Paracetamol Form I was crystallized from ethanol solutions with the presence of two relevant impurities: 4’-chloroacetanilide, and 4’-hydroxyacetophenone. The crystallization system was a single stage MSMPR crystallizer equipped with a Blaze 900 probe for the in situ assessment of crystal growth rates via image analysis. Parallel to the continuous crystallization experiments, suspension aging experiments were conducted to determine the API solubility and the equilibrium distribution coefficients for each impurity. The measured values were related to empirical and mechanistic models for crystal growth and impurity incorporation.

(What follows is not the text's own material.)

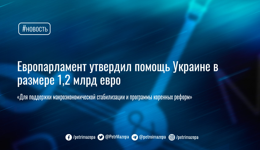 Депутаты Европарламента одобрили решение Совета ЕС о выделении Украине нового пакета макрофинансовой помощи в размере 1,2 млрд евро. О соответствующих итогах голосования  сообщили на заседании законодательного собрания в Страсбурге.

As previously seen for multiple systems, the presence and type of impurities had a significant effect on the observed crystal growth rates.2–4 At the same time, crystal growth had a significant impact on impurity incorporation. For both impurities, the effective distribution coefficients had a thermodynamic component and a kinetic component. The first was isolated from equilibrium distribution coefficients as a main function of temperature. The kinetic component was a direct function of the crystal growth rate, by which faster growth lead to increased impurity incorporation. These results are expected and coincide with prior observations in similar studies.5 A large number of steady state MSMPR experiments was conducted to isolate the contributions of temperature and growth on nonequilibrium impurity incorporation. Based on these results, a set of mechanistic and empirical models were modified to find a generalizable expression that captures the behavior for both impurities. For both systems, the effective distribution coefficients could be calculated from the same semi-empirical function of temperature and crystal growth rate.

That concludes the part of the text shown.